# Offline Reinforcement Learning with Classification

The repository organisation is inspired by [CORL](https://github.com/corl-team/CORL) and  [ReBRAC](https://github.com/DT6A/ReBRAC/tree/public-release) repositories.
## Dependencies & Docker setup
To set up a python environment (with dev-tools of your taste, in our workflow, we use conda and python 3.10), just install all the requirements:

```commandline
python3 install -r requirements.txt
```

However, in this setup, you must install mujoco210 binaries by hand.
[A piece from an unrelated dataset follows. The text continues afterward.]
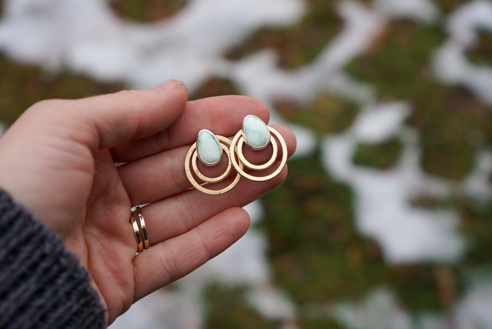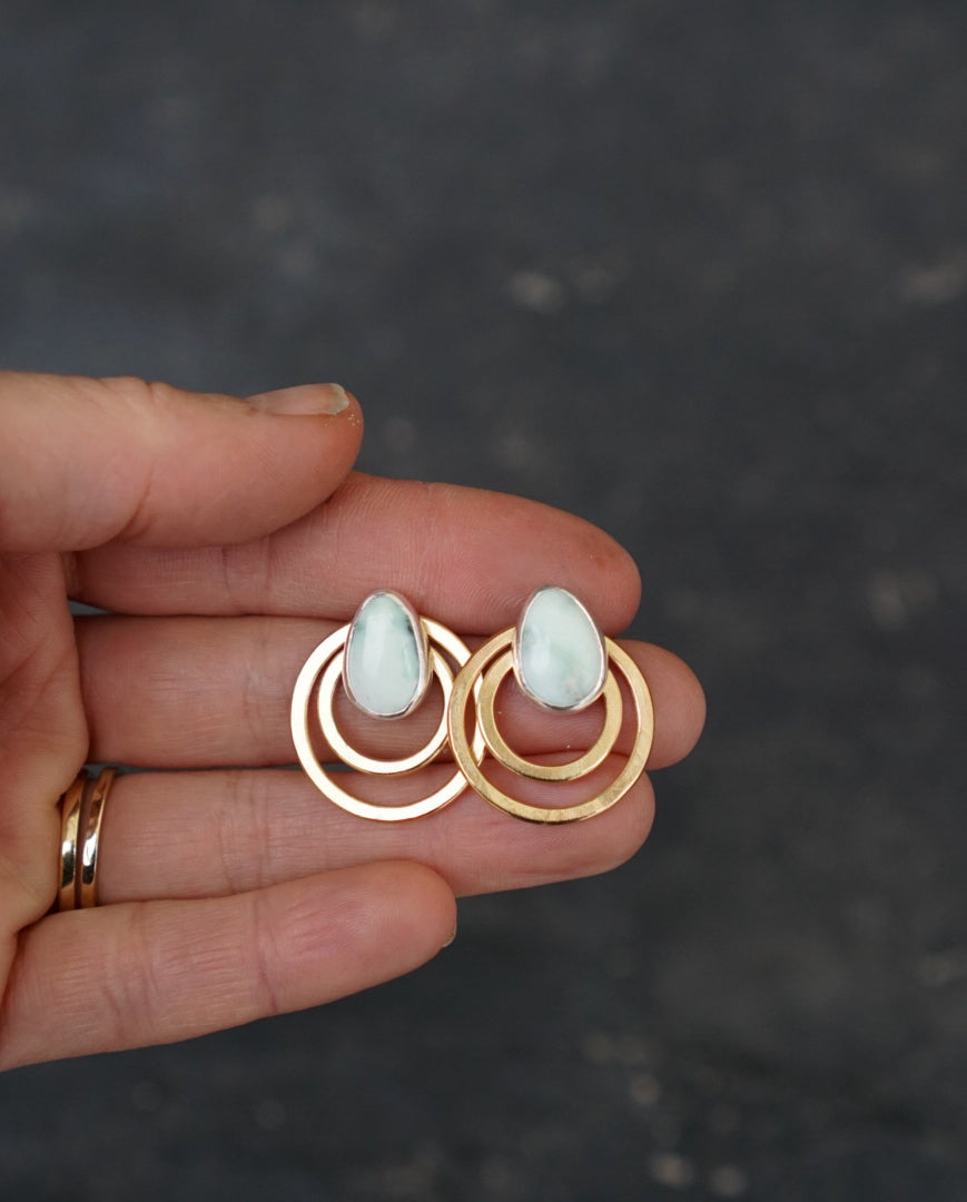 These earrings are a two in one. Simple post earrings with incredible watercolor-like milky green Paloma Variscite gemstones.These have accompanying double brass hoops that can be worn together for a statement post, or apart for a simple everyday post earring set. Posts are made of sterling silver with sterling silver earnuts. Hoops are made with jewelers brass. Brass is subject to oxidation and will naturally darken with time. I love how brass looks as it ages, but if it’s not for you, polish on a regular basis to keep them shiny. Hoops measure a little over .75 inches in diameter.

Sometimes this is not super straightforward, but this recipe can help:
```commandline
mkdir -p /root/.mujoco \
    && wget https://mujoco.org/download/mujoco210-linux-x86_64.tar.gz -O mujoco.tar.gz \
    && tar -xf mujoco.tar.gz -C /root/.mujoco \
    && rm mujoco.tar.gz
export LD_LIBRARY_PATH=/root/.mujoco/mujoco210/bin:${LD_LIBRARY_PATH}
```
You may also need to install additional dependencies for mujoco_py. 
We recommend following the official guide from [mujoco_py](https://github.com/openai/mujoco-py).

### Docker

We also provide a more straightforward way with a dockerfile that is already set up to work. All you have to do is build and run it.
```commandline
docker build -t clorl .
```
To run, mount current directory:
```commandline
docker run -it \
    --gpus=all \
    --rm \
    --volume "<PATH_TO_THE_REPO>:/workspace/" \
    --name clorl \
    clorl bash
```

## How to reproduce experiments

### Training

Configs for reproducing results of original algorithms are stored in the `configs/<algorithm_name>/<task_type>`. All avaialable hyperparameters are listed in the `src/algorithms/<algorithm_name>.py`. Implemented algorithms are: `rebrac`, `iql`, `lb-sac`.

Configs for reproducing results of algorithms with classification are stored in `configs/<algorithm_name>-ce/<task_type>`, `configs/<algorithm_name>-ce-ct/<task_type>`, `configs/<algorithm_name>-ce-at/<task_type>`. The notation (the same in the paper): `ce` denotes the replacement of MSE with cross-entropy, `ce-at` denotes cross-entropy with tuned algorithm parameters, `ce-ct` denotes cross-entropy with tuned classification parameter. All available hyperparameters are listed in the `src/algorithms/<algorithm_name>_cl.py`. Implemented algorithms are: `rebrac`, `iql`, `lb-sac`.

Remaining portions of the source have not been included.